Walking through the steps of a successful real estate parking transaction and tax deferred exchange illustrates the flexibility allowed taxpayers by Rev. Proc. 2000-37. A typical real estate parking transaction involving an income producing asset would be achieved as follows under the new reverse exchange rules:
Step No. 1 The taxpayer enters into a contract to acquire a potential Replacement Property and arranges acquisition financing, in the form of seller
financing, third party financing or the taxpayer advances the acquisition funds.
Step No. 2 The taxpayer enters into a written qualified exchange accommodation agreement ("QEAA") with an exchange accommodation titleholder
("EAT") before the EAT acquires any qualified indicia of ownership. The QEAA may permit the taxpayer or the taxpayer's designee to acquire the parked property for a fixed price at the end of the safe harbor parking period and the EAT and the taxpayer may agree to a transfer at the end of the safe harbor parking period to the taxpayer the entire ownership interest in any special purpose entity used by EAT to hold the parked property.
Step No. 3 The EAT acquires title to the Replacement Property, with financing arranged by the taxpayer and sometimes guaranteed by the taxpayer. A sophisticated EAT may use a single member, special purpose, single asset limited liability company to hold title to the parked property (a "Single Purpose Entity" or "SPE"). The use of an SPE is designed to minimize any exposure to EAT's other assets and protects the taxpayer's expectation that the parked property will not be commingled with other assets or liabilities of the EAT.

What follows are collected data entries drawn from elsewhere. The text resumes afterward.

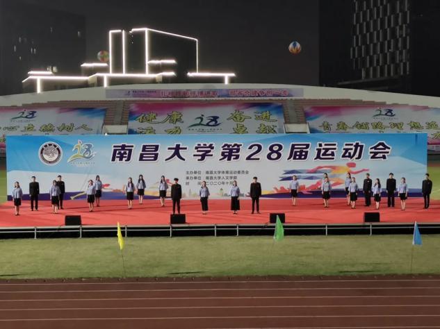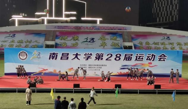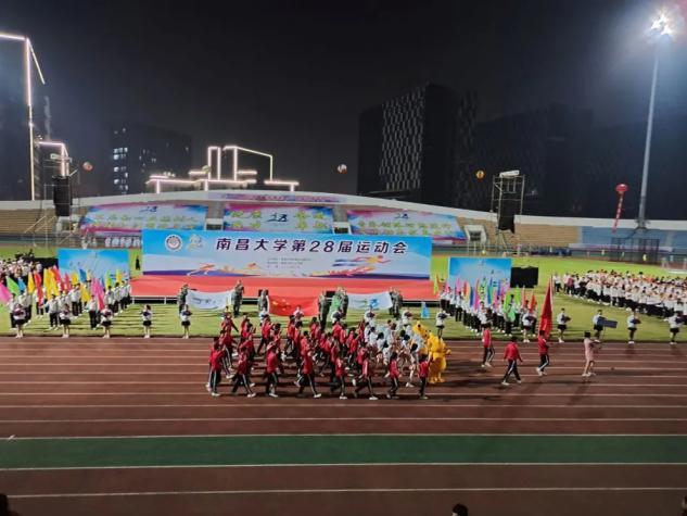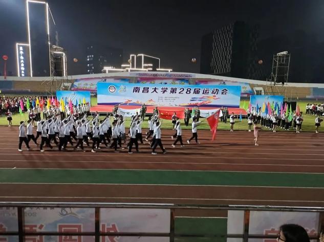 深秋的南昌,傍晚7点就已笼罩在暮色当中。夜色渐深,气温转凉,田径场内外却是一片火热。巨大的校运会展示牌竖立在体育馆门口,场馆上空旗帜在晚风中高高飘扬,它们仿佛在向过往的行人们宣告——南昌大学第28届运动会来了!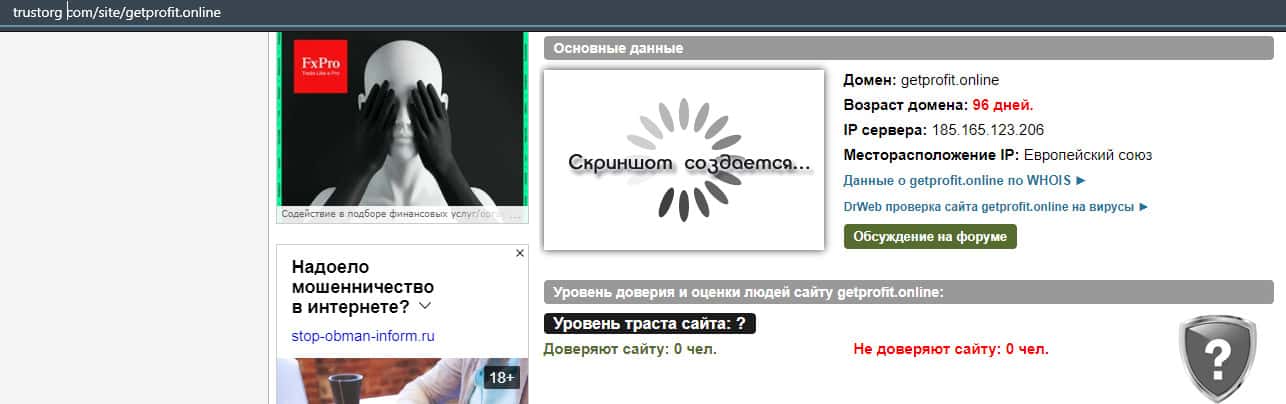 По информации с сайта трасторг ком, псевдошкола GetProfit Online работает всего 3 месяца, поэтому можно считать их кухней-однодневкой.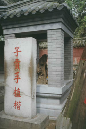 孔子墓西的3間西屋為子貢廬墓處?鬃铀篮,眾弟子守墓3年,相訣而去,獨子貢在此又守3年。后人為紀念此事,建屋3間,立碑一座,題為“子貢廬墓處!毕淼钪螅碛幸蛔彝邤尖頂?shù)姆酵,稱“楷亭”。亭內(nèi)石碑上刻著一棵古老的楷樹,即摹自其南側(cè)的“子貢手植楷”。相傳子貢奔喪來后,將一棵楷樹苗栽于其師墓旁,后成大樹。清康熙間遭雷火焚死,后人將枯干圖象刻于石上。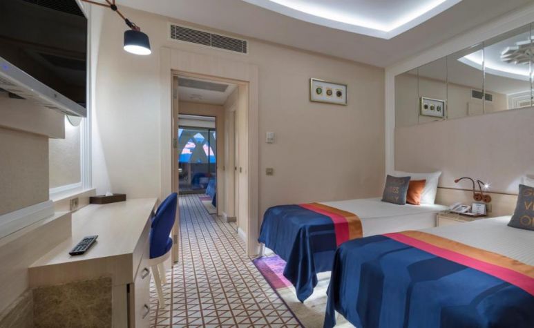 Хотелът разполага с общо 872 стаи, от които 580 стандартни стаи и 292 различни типове фамилни стаи. Всички стаи са оборудвани с: климатик, сателитна телевизия, телефон, баня с душ или вана, сешоар, минибар (със зареждане всеки ден), сейф (безплатeн), балкон. Почистване на стаите – всеки ден, смяна на бельото и кърпите – 3 пъти в седмицата.
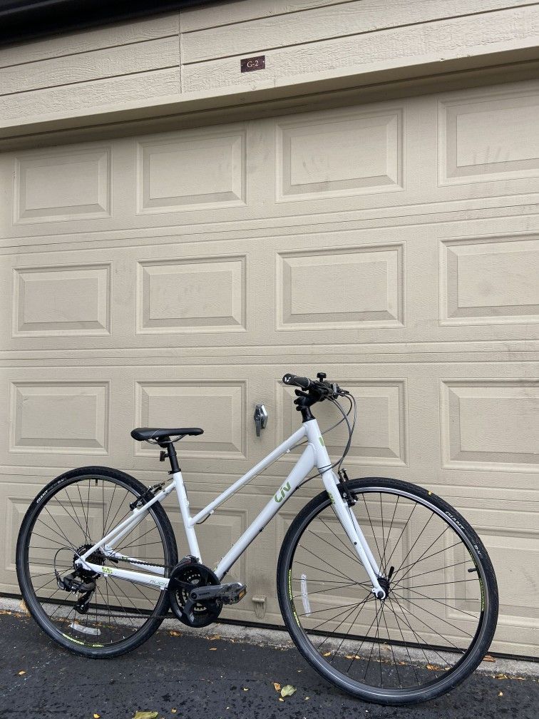 A women’s-specific hybrid bike built with a lightweight aluminum frame, upright geometry, and flat handlebars for a comfortable and confident ride.(22) • Frame: Aluminum, Small size (best for riders 5’1” – 5’7”) • Wheels: 700c with quick release • Drivetrain: Shimano Tourney 21-speed (3×7) • Brakes: Linear-pull rim brakes • Women’s-specific design for better fit and comfort • Comfortable upright riding position – great for commuting, fitness, or casual rides Lightweight, versatile, and easy to ride – perfect for city commutes, fitness, or weekend cruising.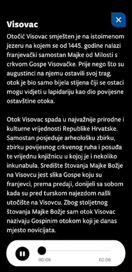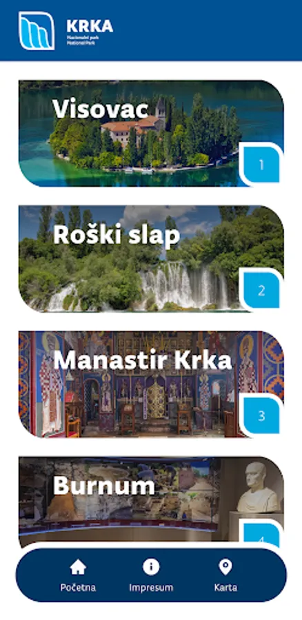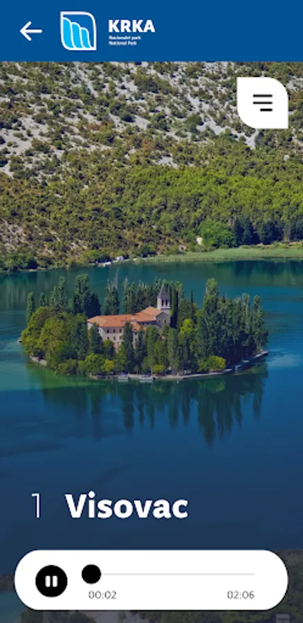 The audio guide contains four themes for the audio guidance at four locations in Krka National Park: islet of Visovac, Roški waterfall, Krka monastery and Burnum archaeological site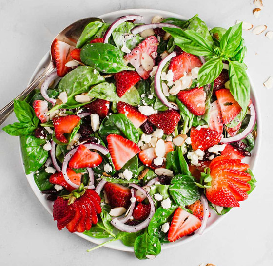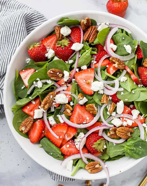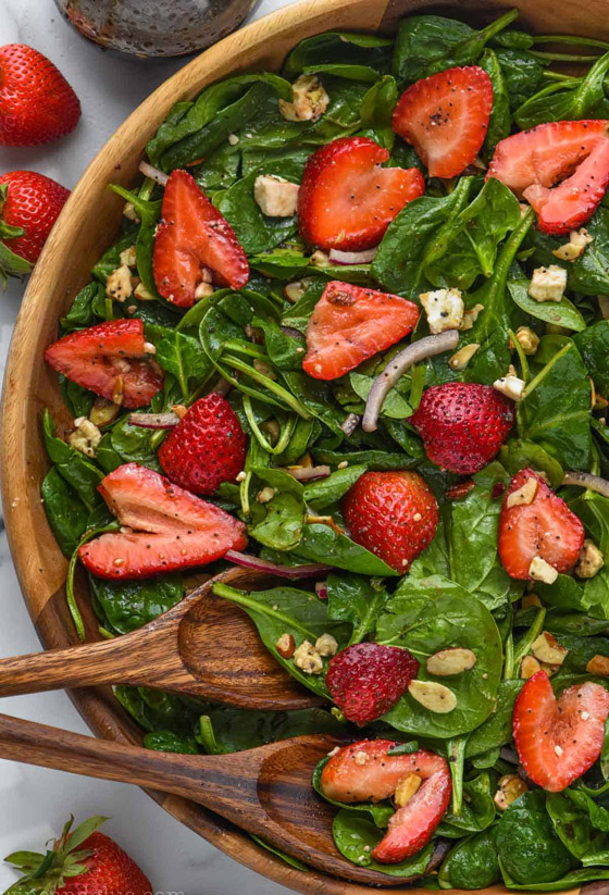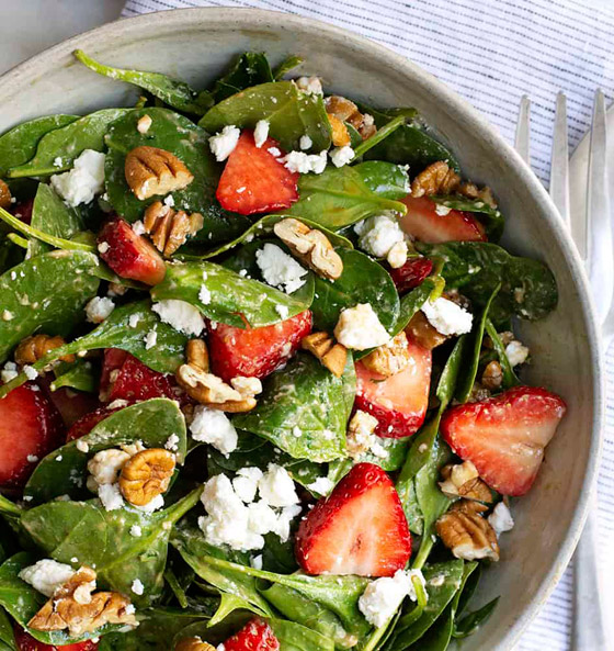 2. افردوا السبانخ في طبق التقديم، ثم وزعوا الفراولة المقطعة، ثم جبن الفيتا والمكسرات المجروشة.

Step No. 4 Either in the QEAA or in a separate identification notice, the taxpayer identifies one or more relinquished properties to complete the exchange and delivers the identification notice to the EAT within 45 days after the EAT first acquires title to the parked property.
Step No. 5 The EAT may triple net lease the parked property to the taxpayer for a period that does not exceed the safe harbor parking period with lease rates set at a level intended to meet any debt service requirements and operating expense requirements borne directly by the EAT.
Step No. 6 While the parked property is held by the EAT, the taxpayer locates a buyer for the Relinquished Property and enters into a sale agreement.
Step No. 7 Taxpayer enters into an exchange agreement with a QI and assigns to the QI the taxpayer's right to dispose of the Relinquished Property to the buyer. Taxpayer also assigns to QI the right to acquire the parked property held by EAT under the QEAA.
Step No. 8 The QI causes the taxpayer to convey the Relinquished Property by "direct deed" to the buyer, who transfer the exchange proceeds to the QI. In turn, the QI uses the exchange proceeds to buy the parked property from the
EAT, who uses the same sales proceeds to satisfy any closing costs and any acquisition debt that is not intended to be assumed by the taxpayer upon completion of the exchange.
Step No. 9 Under the exchange agreement, the QI directs the conveyance of the parked property from the EAT to the taxpayer by "direct deeding" the parked property to complete the exchange.
PROS AND CONS OF EXCHANGE LAST vs. EXCHANGE FIRST:
Exchange Last (most common, park Replacement Property):
a. Where acquisition of a specific parked Replacement Property will not fully defer gain realized on disposition of the Relinquished Property, Section 1031(a)(3) periods will start later.
b. If the taxpayer is not certain about which of several Relinquished Properties will be utilized in the exchange, the decision can be made when a contract to sell one of them is made, rather than at the time the Replacement Property is acquired.
[Note, however, that for transactions intended to qualify for the safe harbor under Rev. Proc. 2000-37, the taxpayer's flexibility will be limited by the 45-day
identification requirement.]
c. For non-safe harbor transactions, there is less risk that the EAT will be disregarded and the taxpayer treated as having never transferred the parked property since the parked property will not have previously been owned or controlled by taxpayer.
d. Since the exchange takes place concurrently with the sale of the Relinquished Property, reconciliation of equity values can occur with knowledge of the market value of the Relinquished Property, rather than based on a value assumed at the time of the Replacement Property's purchase.
e. For build-to-suit arrangements, Exchange Last is the only option.
Exchange First (park Relinquished Property, decision often driven by lender):
a. When a lender providing outside purchase financing for acquisition of the Replacement Property requires the Taxpayer to secure the loan with a mortgage, exchange-first allows the taxpayer to execute a mortgage since the taxpayer is obtaining title to Replacement Property immediately.
b. If Replacement Property has particular management problems, immediate acquisition of title by the taxpayer may be necessary.
c. It may just be too late to change deeds already drawn and executed conveying title of Replacement Property to taxpayer.
d. For safe harbor QEAA transactions, there is no identification requirement in the exchange-first structure. The only time constraint is the 180-day period during which the EAT must dispose of the parked Relinquished Property to a third-party buyer.